Patients and methods: A total of 6394 patients who underwent ¹⁸F-FDG PET/CT in our hospital from August 2019 to December 2021 were retrospectively analysed, and 145 patients with incidental focal colorectal ¹⁸F-FDG uptake foci were identified. The optimal cut-off value of SUVmax for ¹⁸F-FDG PET/CT diagnosis of high-risk lesions was determined by receiver operating characteristic (ROC) curves. SUVmax and localized CWT were combined to identify high-risk lesions from incidental focal colorectal ¹⁸F-FDG uptake foci. The characteristics of incidental adenomas detected and high-risk adenomas missed by ¹⁸F-FDG PET/CT were compared.

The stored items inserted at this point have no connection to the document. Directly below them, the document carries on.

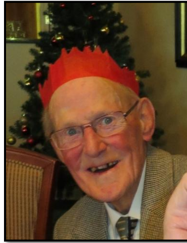
At the Evergreens Christmas party.
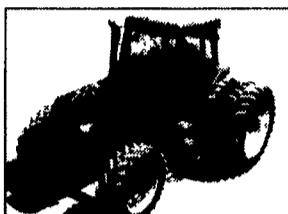
A 22330 1995 CIH 7250 Cab, 1766 Hours, 20 8 R 42 Rear Duals, 215 HP
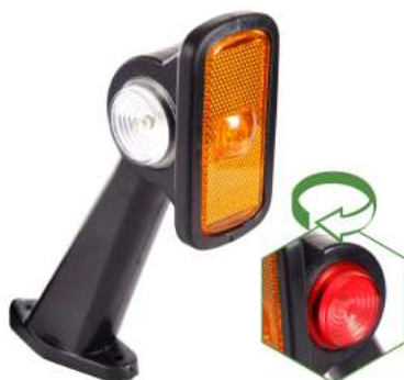
DLGO02.7 (10.240) height 160 mm / 3 LED
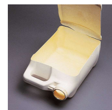
Inside stained but rinsed clean.
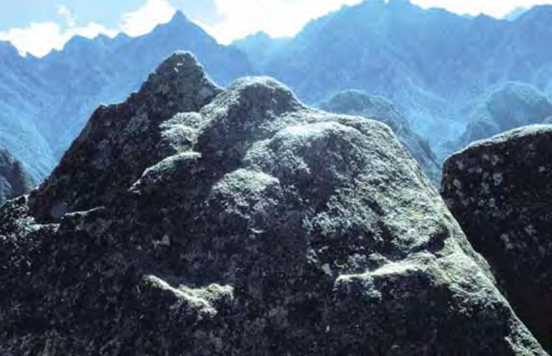
Image stones representing the mountains Yanantin and Putucusi

Inca architecture shows an almost religious commitment to suiting the design and choice of materials to the site. Time and again, you will see an interesting rock preserved in situ and skilfully worked into the structure. Inca stonemasons often expertly shaped huge rocks so as to echo and celebrate the silhouettes of sacred mountains. These are called 'image stones'.
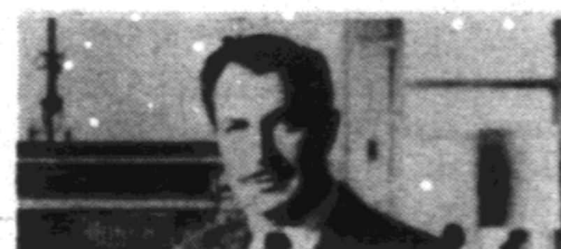
Introduction by Vincent Price

CHENA BUILDING, 510 Second Avenue, Fairbanks, Alaska
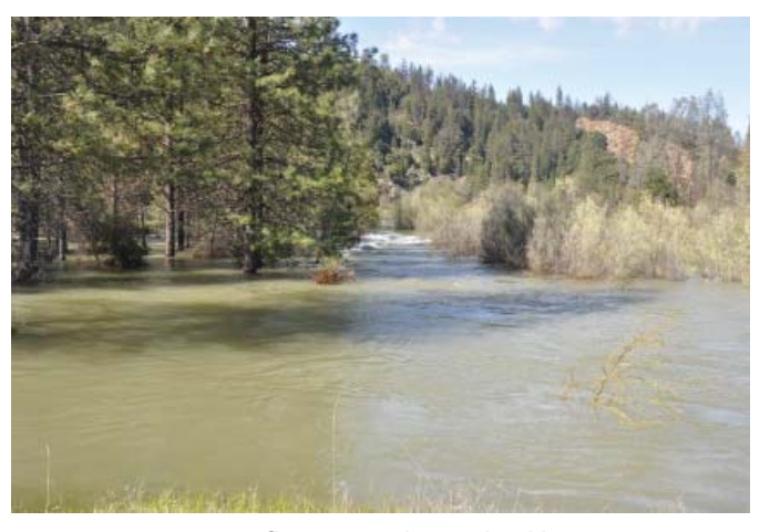
Figure 2. Restoration flows near the Bucktail boat access area when approximately 11,000 cfs was released from Lewiston Dam in May 2017.

river's ability to naturally recover from logging and mining compounded the initial impacts from these activities.
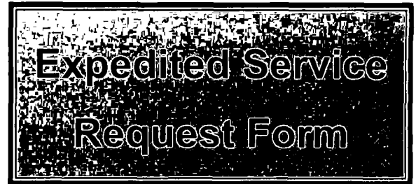
EXHIBIT 21 FM 12:39

This form MUST be completed and placed on top of EACH document submission (so it can be readily identified as a request for expedited review and processing).
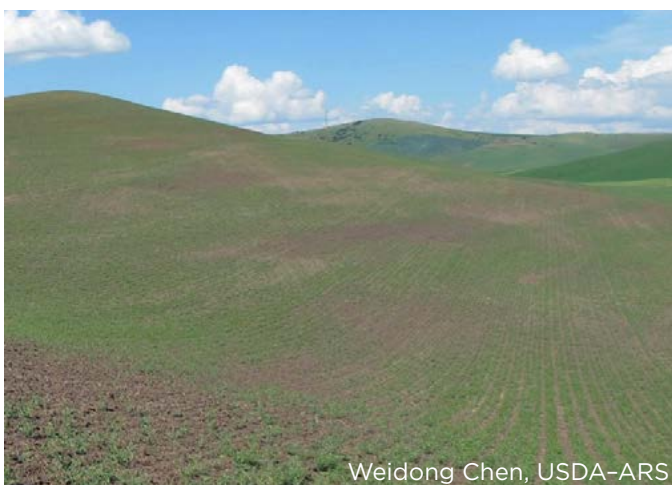
Figure 6. Large areas of poor emergence due to seed rot and damping off caused by Pythium spp.

Infection is favored by cold, wet soils (soil temperatures between 50 and 75 F). The risk of losses to Pythium root rot is highest when soils are saturated for one or more days after planting and before emergence. Like Aphanomyces , Pythium can produce long-lived oospores that reside in the soil.

Results: Of the 6394 patients, 145 patients were found to have incidental focal colorectal FDG uptake foci (2.3%), and 44 patients underwent colonoscopy and pathological examination at the same time. In fact, 45 lesions, including 12 low-risk lesions and 33 high-risk lesions (22 high-risk adenomas, 11 adenocarcinoma), were found by colonoscopy. The area under the ROC curve of SUVmax for low-risk lesions and high-risk lesions was 0.737, and the optimal cut-off value was 6.45 (with a sensitivity of 87.9% and specificity of 58.3%). When SUVmax ≥6.45, the combination of localized CWT parameters has little influence on the sensitivity and specificity of detection; when SUVmax <6.45, the combination of localized CWT parameters can improve the specificity of detection of high-risk lesions, but the sensitivity has little change. In addition, the size of high-risk adenomas discovered incidentally by ¹⁸F-FDG PET/CT was larger than that of high-risk adenomas missed, but there was no significant difference in lesion location, pathological type or intraepithelial neoplasia between the two groups.

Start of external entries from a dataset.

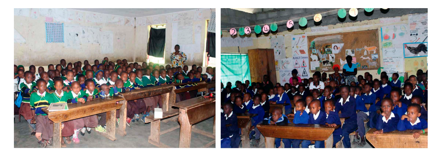
Figure 2. Pre-primary schools in Arusha, Tanzania.

In Tanzania, pre-primary education is available, but not mandatory. Out of all children in the Arusha region in the relevant age range, less than half were enrolled in pre-primary school in 2018 (net enrollment ratio = 47.7%) [29].Countrywide, there are concerns about the quality of pre-primary education. Most teachers lack formal training and often must manage extremely large numbers of students with few resources. According to UNICEF, in Tanzania, the student-to-qualified-teacher ratio at the pre-primary education level is 131:1. This ratio is 24:1 in private schools and 169:1 in public schools [30]. Figure 2 offers images of the pre-primary schools where the research team worked.
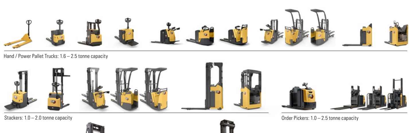
Statute is. 1.0 – 2.0 tulline capacity
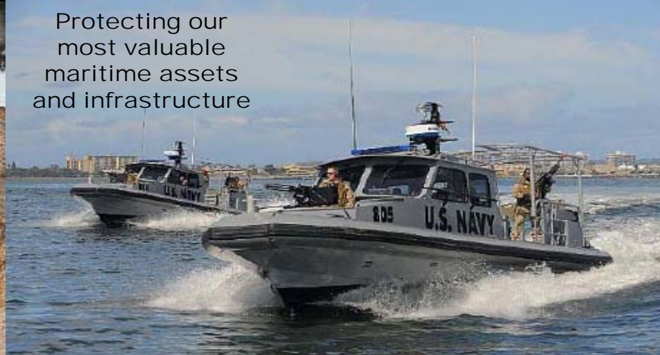
Protecting our most valuable maritime assets and infrastructure
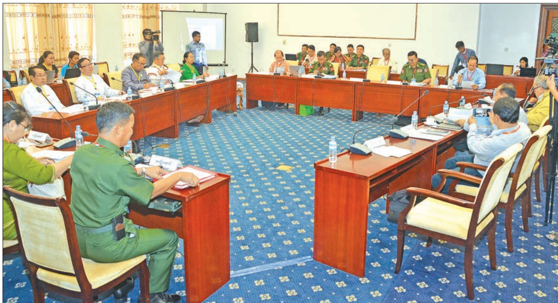
Members of the Security Sector Work Committee discussing the security sector in Nay Pyi Taw yesterday.

The Social Sector Work Committee mainly discussed equal rights for men and women, youth affairs and drug abuse problems, the culture and literature of ethnic minorities, points discussed during the national-level dialogues, the remaining points of the previous session of the peace conference, papers from the CSO

Conclusions: The combination of SUVmax and localized CWT parameters of ¹⁸F-FDG PET/CT helped identify high-risk lesions from incidental focal colorectal ¹⁸F-FDG uptake foci, especially for lesions with SUVmax <6.45. Lesion size may be the only factor in ¹⁸F-FDG PET/CT missing high-risk adenomas.

Introduction

F-18 fluorodeoxyglucose (¹⁸F-FDG) positron emission tomography (PET/CT) has become one of the most commonly used positron emission radiography examinations for various oncology imaging, has been used for tumour diagnosis, staging and therapeutic effect prediction and evaluation (1–3), and has been applied to screen second primary cancer in cancer patients (4).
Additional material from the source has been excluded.